— Exercise objective —
Copy the listing below exactly. Pictures stay out of it.

— Exercise material —
+ + + + + + +

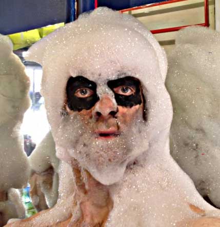 Хочется надеяться, что это он делает по своей воле - а то так и мнятся нарко-маниаки, заточившие бедного человека в ванной и заставляющие его ежедневно выдумывать новый фейс...А когда его фантазия закончится, мы увидим обезглавленную шею...Бр-р-р, кому теперь этот прото-сценарий четвертой Пилы подарить?! 😄)
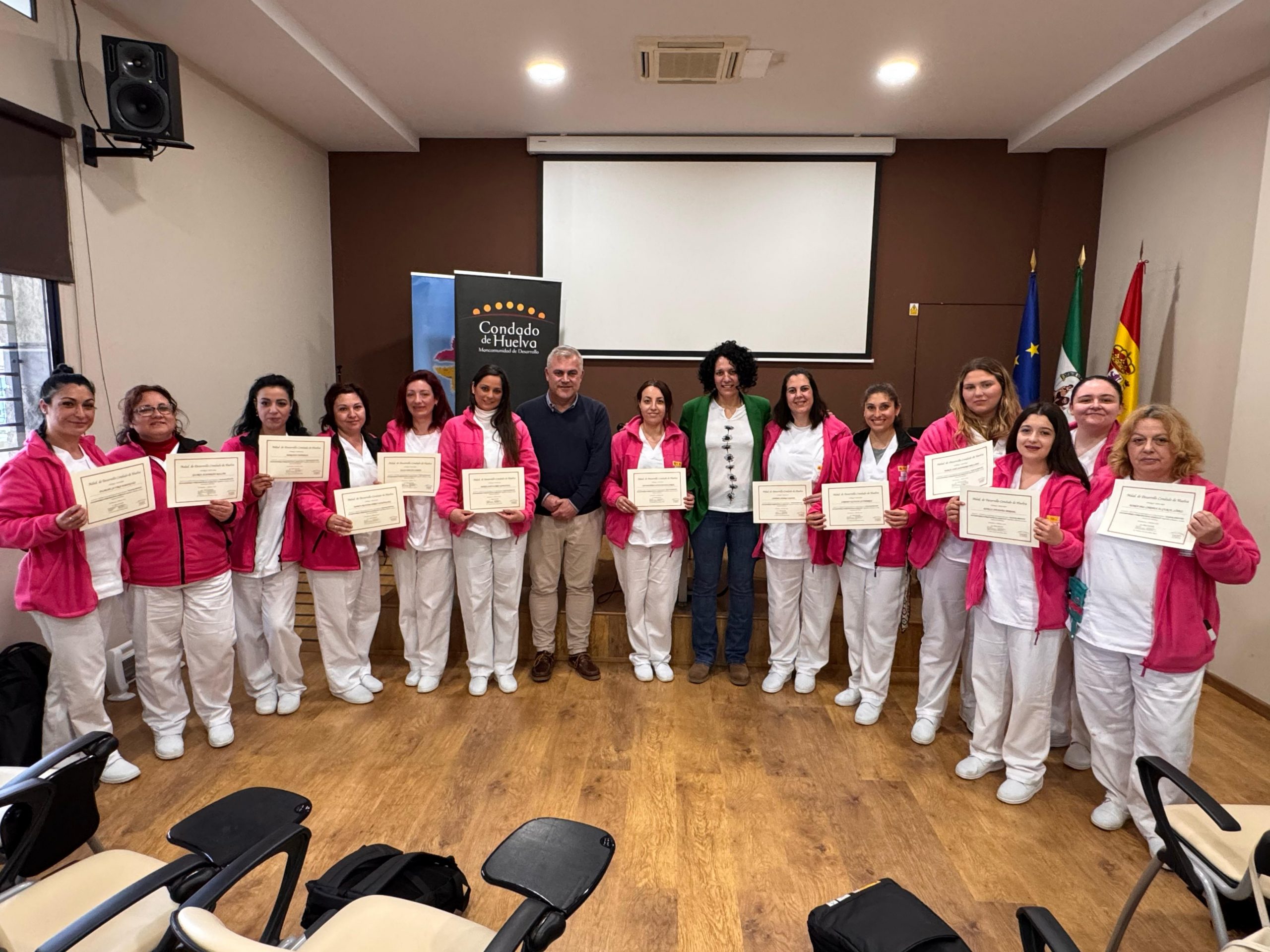 Esta acción formativa, financiada por la Consejería de Empleo, Empresa y Trabajo Autónomo de la Junta de Andalucía, se ha impartido en la sede de la Mancomunidad de Desarrollo Condado de Huelva durante seis meses y está reconocida con certificado de profesionalidad de nivel 2 que comprende un total de 600 horas. Además de las 480 horas de los módulos teóricos formativos, se incluye un periodo de prácticas profesionales de 120 horas que estas alumnas han realizado en la empresa pública del Ayuntamiento de Almonte, SADA, y en MACROSAD, en los municipios de La Palma del Condado, Niebla y Rociana del Condado.
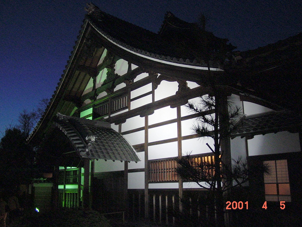 高台寺は、豊臣秀吉の妻・ねねにゆかりの寺で、春のライトアップは一見の価値があります。ライトアップされた絶景が映りこんだ偃月池は、神秘的で、方丈の庭にはモダンなオブジェがいくつも設置されていて、色鮮やかな夜景が楽しめます。
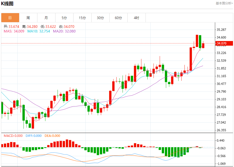周四盘中,现货白银报34.010,涨幅0.99%。
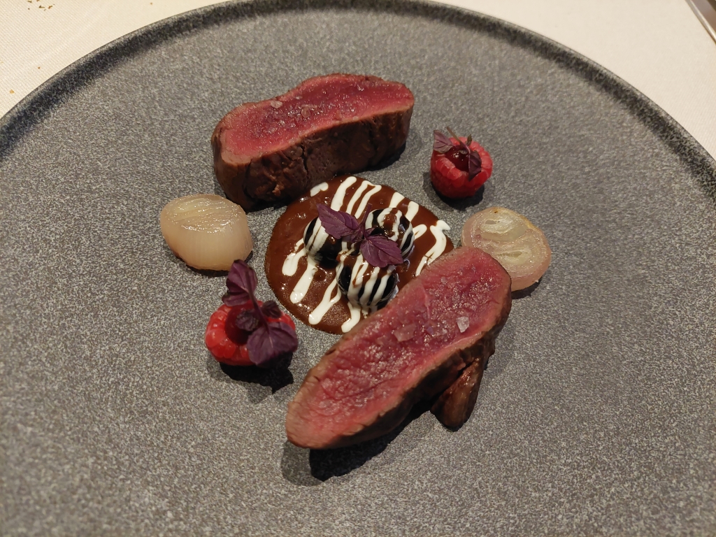 Para terminar, lomo de corzo asado acompañado de arándanos estofados en salsa Grand Veneur y chalotas soasadas. Rico el sabor del corzo y de la salsa. Quizá me pareció que no estaba todo lo caliente que me hubiera gustado. En cualquier caso, un plato sabroso.
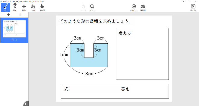概要 | 「長方形を組み合わせた図形の面積を求める」という課題について、「デジタルノート」を活用して、自分の考え方を整理したり、説明し合う活動を通して、すでに学習した知識をもとに新しい課題を考える力を養う教材です。 | |
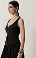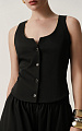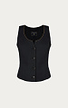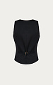 Жилет приталенного силуэта из итальянской костюмной шерсти. Глубокий округлый вырез горловины оформлен тесьмой из золотистого бисера, создающей мягкое сияние и деликатный акцент.
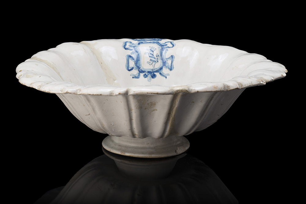 Coppa baccellata a bordo estroflesso e ondulato in maiolica bianca in stile compendiario. Sul bordo Ë dipinto uno stemma araldico in monocromia blu (d. cm 35 x h. cm 10) Deruta, sec. XVII (rotture, restauri, piede incollato)
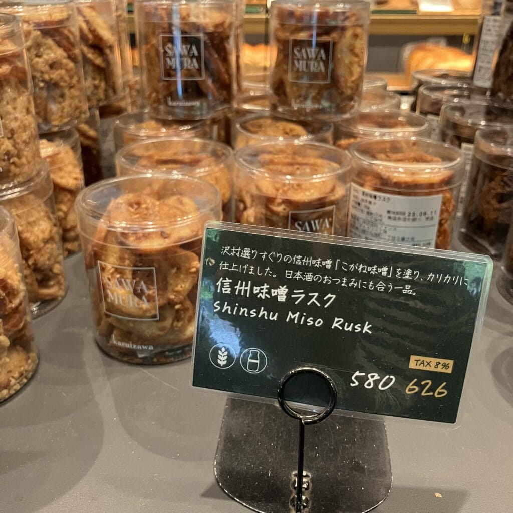 店内はパンはほとんどなく(14時前なので…当然よね…)せっかくなので、長野らしいものを、と思い、長野のブルーベリージャムと信州味噌サブレを購入。
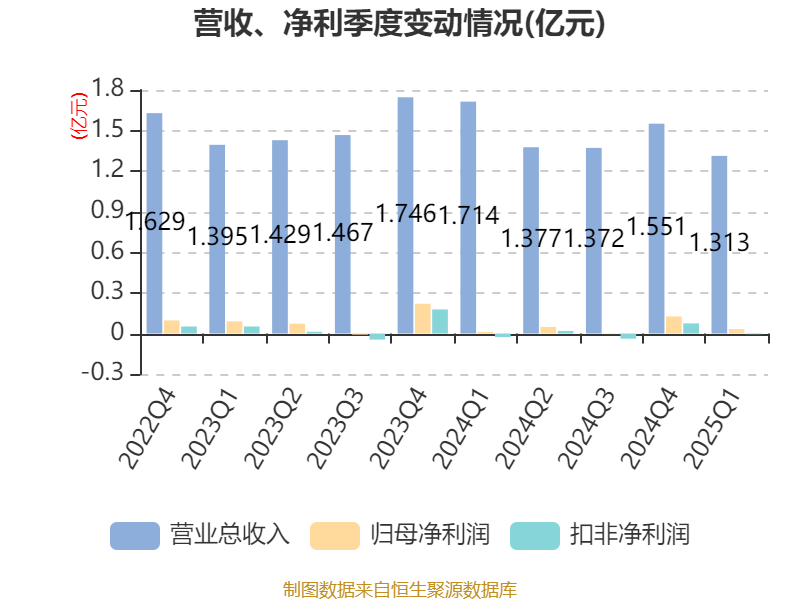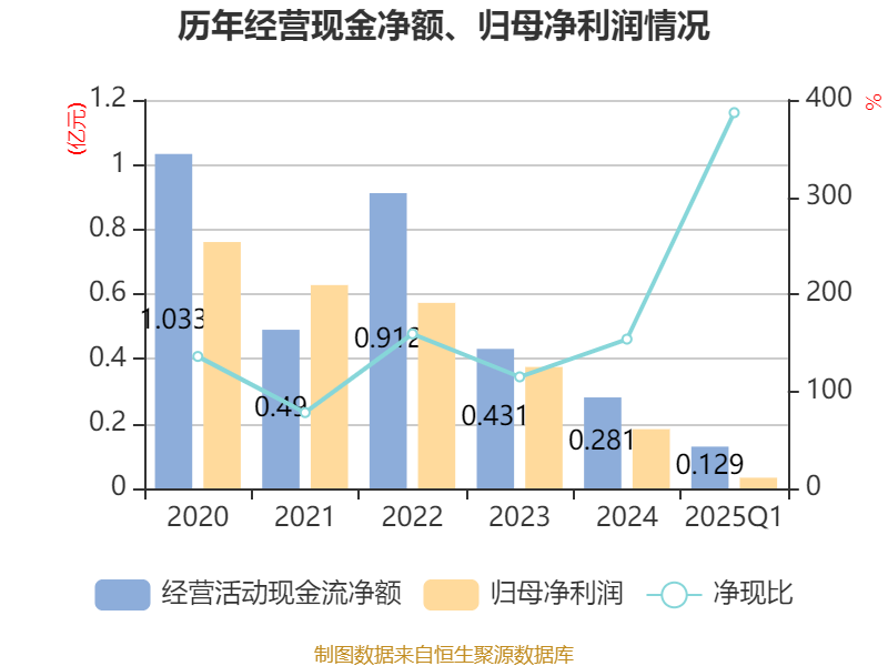 截至2025年一季度末,公司经营活动现金流净额为1287.76万元,同比增加2354.91万元;筹资活动现金流净额-331.16万元,同比减少503.29万元;投资活动现金流净额-4355.39万元,上年同期为2455.2万元。
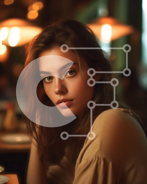 Intra Συλλεκτικό Ξύλινο Παζλ Plywood 4mm – Στοχαστική νεαρή γυναίκα με μπεζ πουκάμισο κάθεται σε αμυδρά φωτισμένο εστιατόριο Σε Ξύλινο Κουτί – Διαστάσεις Puzzle: 10×10 cm – 25 κομμάτια
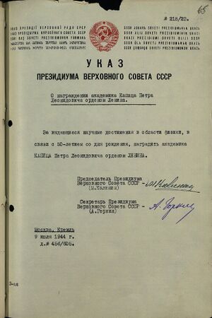 Пётр Леони́дович Капи́ца (26 июня [8 июля] 1894, Кронштадт, Санкт-Петербургская губерния, Российская империя — 8 апреля 1984, Москва, РСФСР, СССР) — советский физик, инженер и инноватор. Лауреат Нобелевской премии (1978). Дважды Герой Социалистического Труда (1945, 1974). Лауреат двух Сталинских премий l степени (1941[a], 1943). Награждён Большой золотой медалью имени М. В. Ломоносова АН СССР (1959). Член Академии наук СССР (1939; член-корреспондент с 1929)[4]. Член Лондонского королевского общества (1929)[5], иностранный член Национальной академии наук США (1946)[6], член Леопольдины (1958). Кавалер шести орденов Ленина.
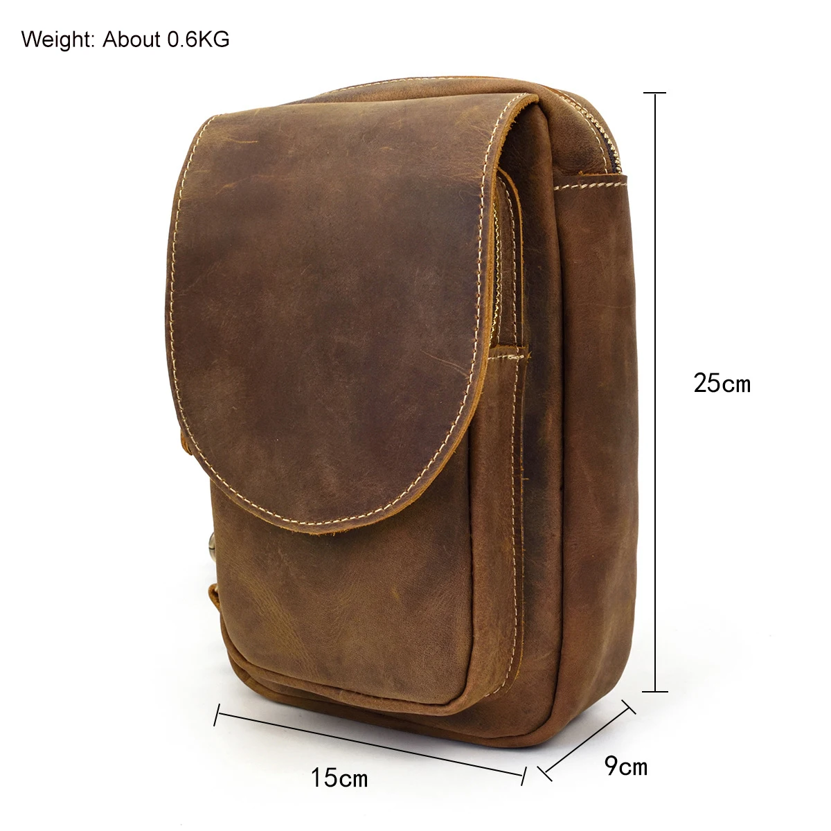 Unique Leather Chest Bag Crossbody Crazy Horse Leather Sling Bag Vintage Fashion Crossbody Bag Chest Pack For Man ox horn bag
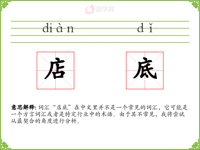 词汇“店底”在中文里并不是一个常见的词汇,它可能是一个方言词汇或者是特定行业中的术语。由于其不常见,我将尝试从最契合的角度进行分析。
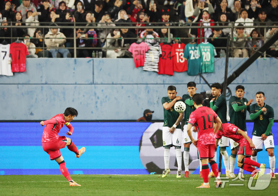14일 오후 대전 유성구 대전월드컵경기장에서 열린 ‘하나은행 초청 국가대표팀 친선경기’ 대한민국과 볼리비아의 경기에서 대한민국 손흥민이 프리킥 골을 넣고 있다. 2025.11.14/뉴스1 © News1 황기선 기자
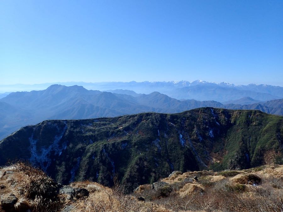 やがて頂上に着きました。目に飛び込んできたのは雪のついた後立山連峰と戸隠の山々。

+ + + + + + +

— Your solution —
 Хочется надеяться, что это он делает по своей воле - а то так и мнятся нарко-маниаки, заточившие бедного человека в ванной и заставляющие его ежедневно выдумывать новый фейс...А когда его фантазия закончится, мы увидим обезглавленную шею...Бр-р-р, кому теперь этот прото-сценарий четвертой Пилы подарить?! 😄)
 Esta acción formativa, financiada por la Consejería de Empleo, Empresa y Trabajo Autónomo de la Junta de Andalucía, se ha impartido en la sede de la Mancomunidad de Desarrollo Condado de Huelva durante seis meses y está reconocida con certificado de profesionalidad de nivel 2 que comprende un total de 600 horas. Además de las 480 horas de los módulos teóricos formativos, se incluye un periodo de prácticas profesionales de 120 horas que estas alumnas han realizado en la empresa pública del Ayuntamiento de Almonte, SADA, y en MACROSAD, en los municipios de La Palma del Condado, Niebla y Rociana del Condado.
 高台寺は、豊臣秀吉の妻・ねねにゆかりの寺で、春のライトアップは一見の価値があります。ライトアップされた絶景が映りこんだ偃月池は、神秘的で、方丈の庭にはモダンなオブジェがいくつも設置されていて、色鮮やかな夜景が楽しめます。
周四盘中,现货白银报34.010,涨幅0.99%。
 Para terminar, lomo de corzo asado acompañado de arándanos estofados en salsa Grand Veneur y chalotas soasadas. Rico el sabor del corzo y de la salsa. Quizá me pareció que no estaba todo lo caliente que me hubiera gustado. En cualquier caso, un plato sabroso.
概要 | 「長方形を組み合わせた図形の面積を求める」という課題について、「デジタルノート」を活用して、自分の考え方を整理したり、説明し合う活動を通して、すでに学習した知識をもとに新しい課題を考える力を養う教材です。 | |
 Жилет приталенного силуэта из итальянской костюмной шерсти. Глубокий округлый вырез горловины оформлен тесьмой из золотистого бисера, создающей мягкое сияние и деликатный акцент.
 Coppa baccellata a bordo estroflesso e ondulato in maiolica bianca in stile compendiario. Sul bordo Ë dipinto uno stemma araldico in monocromia blu (d. cm 35 x h. cm 10) Deruta, sec. XVII (rotture, restauri, piede incollato)
 店内はパンはほとんどなく(14時前なので…当然よね…)せっかくなので、長野らしいものを、と思い、長野のブルーベリージャムと信州味噌サブレを購入。
 截至2025年一季度末,公司经营活动现金流净额为1287.76万元,同比增加2354.91万元;筹资活动现金流净额-331.16万元,同比减少503.29万元;投资活动现金流净额-4355.39万元,上年同期为2455.2万元。
 Intra Συλλεκτικό Ξύλινο Παζλ Plywood 4mm – Στοχαστική νεαρή γυναίκα με μπεζ πουκάμισο κάθεται σε αμυδρά φωτισμένο εστιατόριο Σε Ξύλινο Κουτί – Διαστάσεις Puzzle: 10×10 cm – 25 κομμάτια
 Пётр Леони́дович Капи́ца (26 июня [8 июля] 1894, Кронштадт, Санкт-Петербургская губерния, Российская империя — 8 апреля 1984, Москва, РСФСР, СССР) — советский физик, инженер и инноватор. Лауреат Нобелевской премии (1978). Дважды Герой Социалистического Труда (1945, 1974). Лауреат двух Сталинских премий l степени (1941[a], 1943). Награждён Большой золотой медалью имени М. В. Ломоносова АН СССР (1959). Член Академии наук СССР (1939; член-корреспондент с 1929)[4]. Член Лондонского королевского общества (1929)[5], иностранный член Национальной академии наук США (1946)[6], член Леопольдины (1958). Кавалер шести орденов Ленина.
 Unique Leather Chest Bag Crossbody Crazy Horse Leather Sling Bag Vintage Fashion Crossbody Bag Chest Pack For Man ox horn bag
 词汇“店底”在中文里并不是一个常见的词汇,它可能是一个方言词汇或者是特定行业中的术语。由于其不常见,我将尝试从最契合的角度进行分析。
14일 오후 대전 유성구 대전월드컵경기장에서 열린 ‘하나은행 초청 국가대표팀 친선경기’ 대한민국과 볼리비아의 경기에서 대한민국 손흥민이 프리킥 골을 넣고 있다. 2025.11.14/뉴스1 © News1 황기선 기자
 やがて頂上に着きました。目に飛び込んできたのは雪のついた後立山連峰と戸隠の山々。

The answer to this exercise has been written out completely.